Los cubiertos estaban hechos de lo que parecía hueso o madera; Luke no podía saberlo con certeza ni le apetecía tocarlos. El plato de madera medio lleno de estofado y tubérculos hacía equilibrios en los pies de la cama. Luke vaciló encorvado sobre él, agitando las manos inútilmente mientras el olor lo torturaba. El dolor mareante del hambre se propagaba desde su estómago hasta la espalda. ¿Cuándo había comido por última vez? No lo sabía porque tampoco sabía el tiempo que llevaba en aquella habitación y en aquella cama, meándose encima.
La comida estaba tibia; se había enfriado durante la cháchara de Fenris. Al menos no era fuerte de sabor. Luke se arrodilló delante del plato y acercó la cara.
Cuando acabó de lamer hasta el último poso de la salsa amarga y salada que había quedado en los laterales del plato, oyó un tumulto de voces cada vez más escandaloso y el retumbo de numerosas pisadas debajo de su habitación, en el piso de abajo.

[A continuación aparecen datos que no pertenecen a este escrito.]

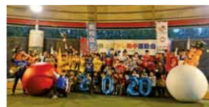
第2回こばやし熱中運動会(令和2年度)

東京2020オリンピック・パラリンピックの感動を小林でも！世代間の交流と住民の運動機会の創出を目指し、「第3回こばやし熱中運動会」を開催します。参加者が競技を創る運動会。競技名だけでは中身がわからないのがこの運動会の面白さ。参加者だけではなく見学者も含めて「みんなで作る運動会」にあなただも参加しませんか。 ◆日時 10月31日(日曜) 13時~16時 ◆会場 生駒高原コスモホール ◆参加費 1千円 ◆問・吉村 090・9584・1836
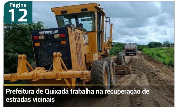
Prefeitura de Quixadá trabalha na recuperação de estradas vicinais
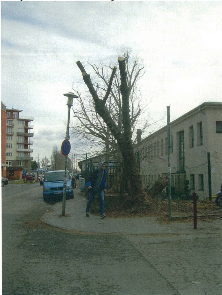
Budapest XI. kerület, Nádorliget u 10. sz. előtti 3971/1 hrsz. zöld juhar, 2017. 03. 06.
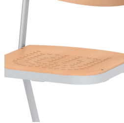
Sitzfläche mit eingepressten, rutschhemmenden Noppen
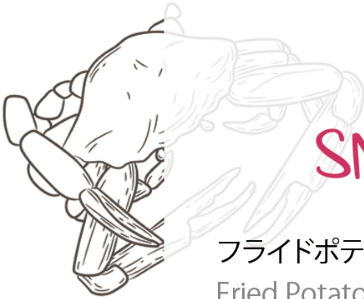
フライドポテト Fried Potato
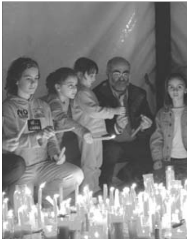
El lema "10.000 velas, 10.000 dibujos por la paz", fue una esperanza fallida con el inicio de la guerra.
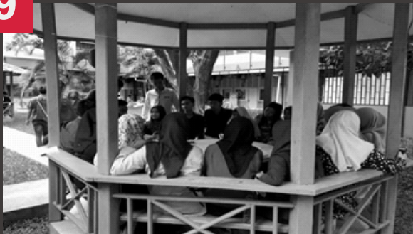
ALSA DEVELOPMENT TALKS

A LSA Development Talks merupakan kegiatan bulanan yang diadakan oleh HRD departement dengan tujuan meningkatkan kemampuan dan pengetahuan member, baik dalam keorganisasian maupun kompetensi lainnya.
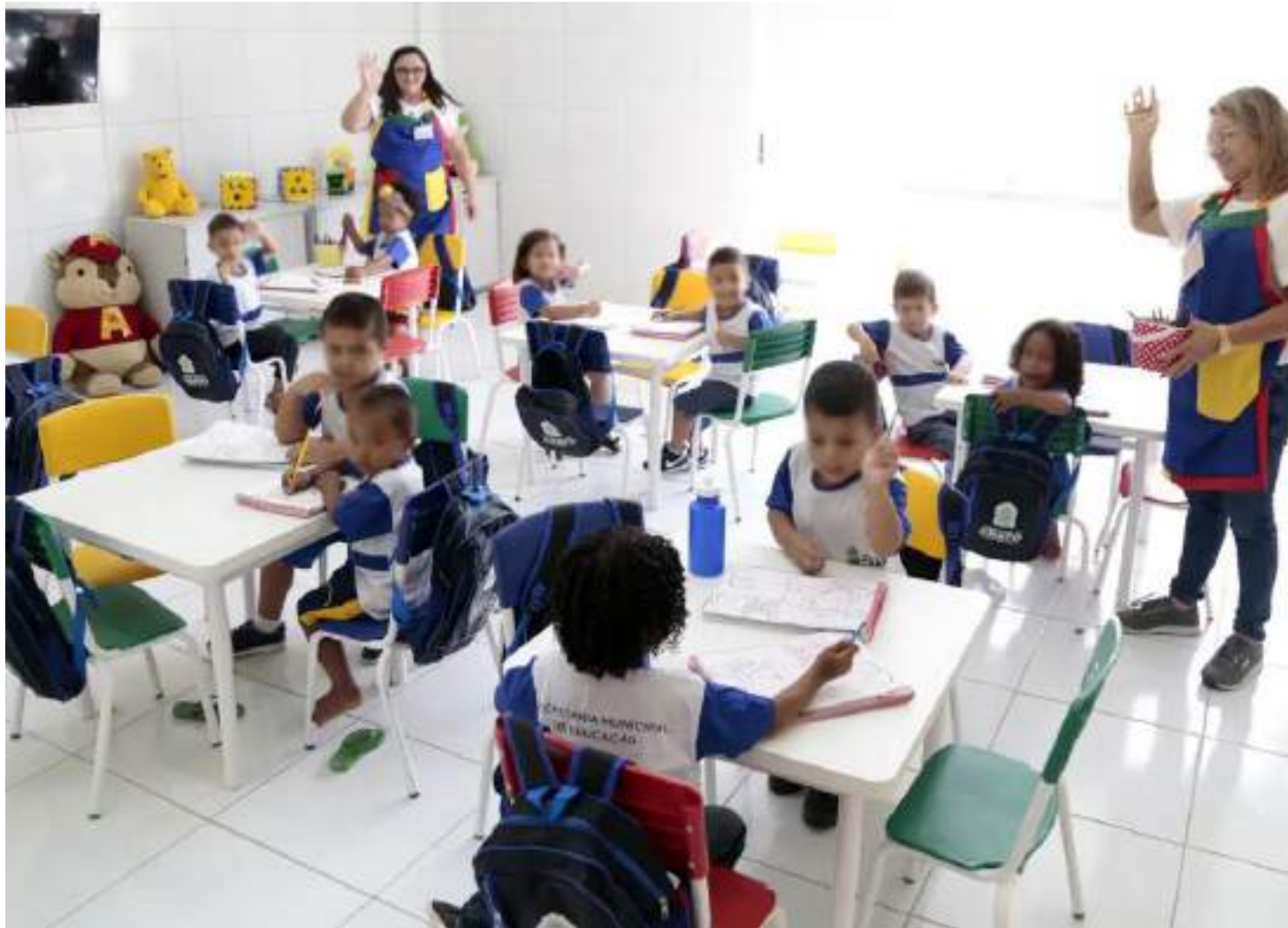
Apesar do avanço, o país ainda não atingiu as metas do Plano Nacional de Educação (PNE)

Apenas 646 municípios brasileiros atingiram a meta. Em relação às regiões, Sudeste e Sul estão acima da média nacional, com 41,5% e 41%, respectivamente. Em seguida, abaixo da média nacional, aparecem Centro-Oeste (29%) e Nordeste (28,7%). Com uma taxa de apenas 16,6%, menos da metade da média do país, o Norte aparece em último lugar.
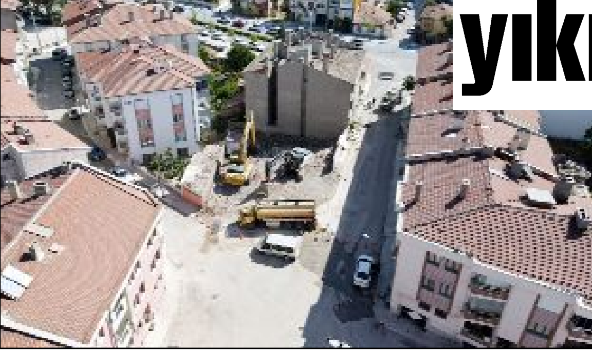
Belediye Recep Tayyip Erdoğan Caddesi ile Okul 1. Sokak'ın buluştuğu noktayı genişletiyor.

"Çorum'un huzuru için yapılacak bütün çalışmaları destekliyoruz"
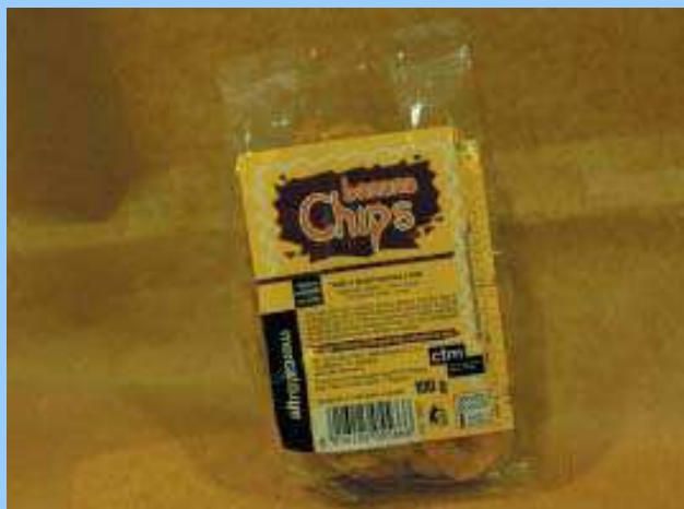
ref.954003 2.00 € CHIPS DE PLÁTANO
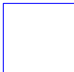
Plan du lotissement Saint-Pierre
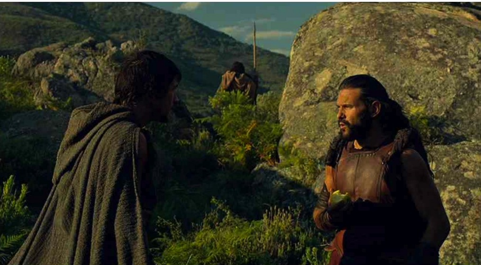
Hispania, la Leyenda : où on lui annonce que personne ne l'a vue :
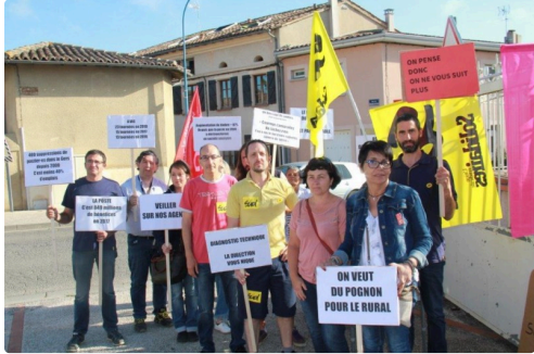
manifestation des Vicois en colère
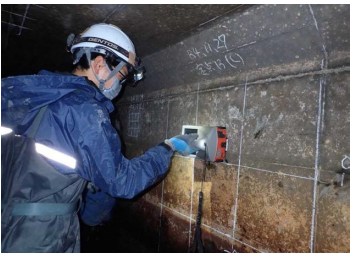
水路の鉄筋探査状況
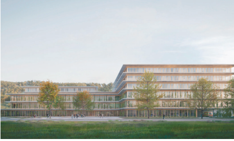
Spitalzentrum Biel - Brügg
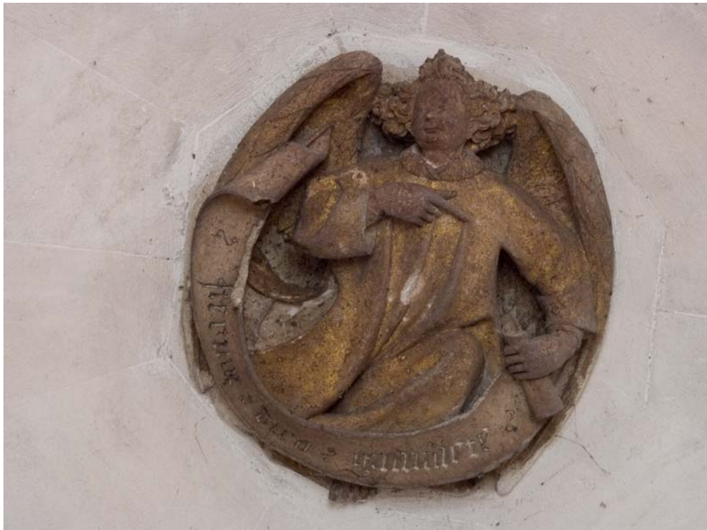
Fig. 31.- Llonja. Interior. Clau de volta d'una torre interior.
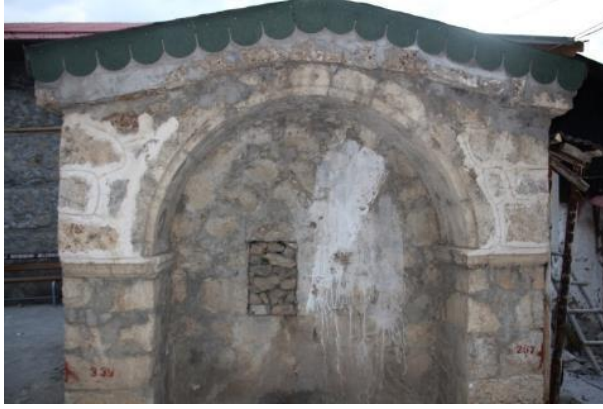
Foto.62. Toybelen Köyü Cami Çeşmesi
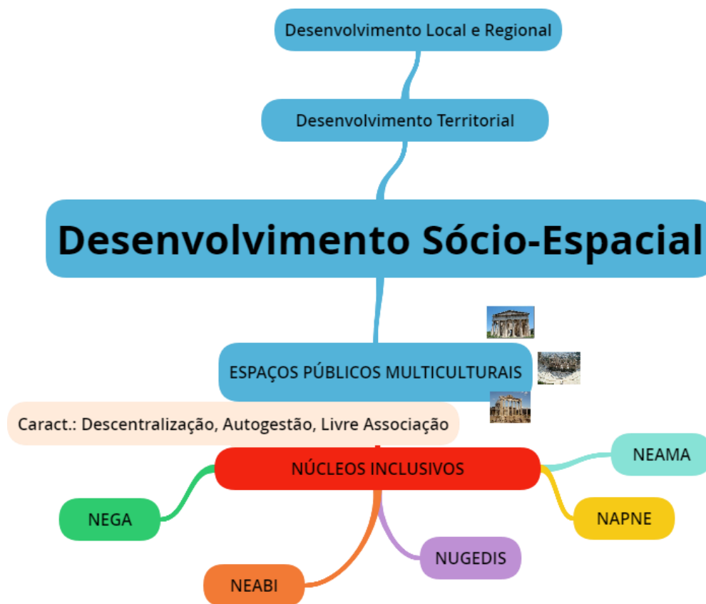
Figura 21: Esquema do Desenvolvimento Socioespacial a partir dos Núcleos Inclusivos, em sua relação com os Espaços Públicos Multiculturais

*NEGA: Núcleo de Educação e Gestão Ambiental. NEABI: Núcleo de Estudos Afro-Brasileiros e Indígenas (ou Indiodescendentes). NUGEDIS: Núcleo de Gênero e Diversidade Sexual. NAPNE: Núcleo de Atendimento às Pessoas com Necessidades Educacionais Específicas. NEAMA: Núcleo de Elaboração e Adaptação de Materiais Didático-Pedagógicos.
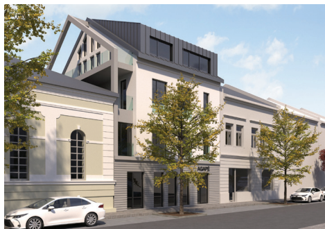
Agapé, pohled z Hronovické ulice

Ani bez příspěvků od členů našeho sboru se neobejdeme. Velmi by nám pomohlo, pokud by se v rámci našeho sboru podařilo na tento projekt vybrat alespoň 1–2 miliony korun. Je to velká částka, ale není nás na ní málo. V průměru na každého aktivního člena našeho sboru představuje příspěvek zhruba 10–15 tis. Kč. Čím více peněz dáme dohromady, tím spíše se nám podaří projekt dotáhnout do konce celý. Číslo bankovního účtu zřízeného naším sborem speciálně pro financování projektu Aga-
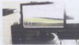
COMPUTADORA, MAUS, TECLADO, BOSINAS
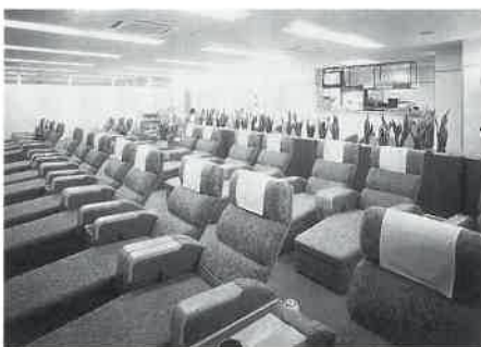
株式市況も見えるレストルーム

昨年末二十六日に竣工、当日と翌二十七日に合わせて三百人を招いて内覧会を行い、明けて一月六日から営業を開始している。

Las voces chillaban entusiasmadas. Gritaban imitando a los cantantes de música black metal; lanzando gruñidos y haciendo gárgaras antes de zambullirse en unos falsetes vibrantes. Luke se preguntó si se comunicarían entre sí de esa manera o si simplemente se habían enzarzado en una competición infantil. Fenris era el que más gritaba. Luke sospechó que el chaval era incapaz de mantener la boca cerrada. Sus ruidos zafios y salvajes se apoyaban en la retumbante voz de barítono de Loki. Tal vez la chica estaba intentando superar a Fenris con sus alaridos de chacal, ya que Luke no se imaginaba a la anciana pegando aquellos chillidos indescifrables. «¿Y por qué llevan los zapatos puestos dentro de casa?», pensó, y de inmediato se sintió estúpido por la irrelevancia de esa inquietud. Sin embargo, el incesante ruido hueco que hacían sus pies aporreando el suelo de madera estaba volviéndolo loco; era ensordecedor, le provocaba escalofríos y le ponía los nervios a flor de piel. Temía oírlo subiendo a su habitación en cualquier momento.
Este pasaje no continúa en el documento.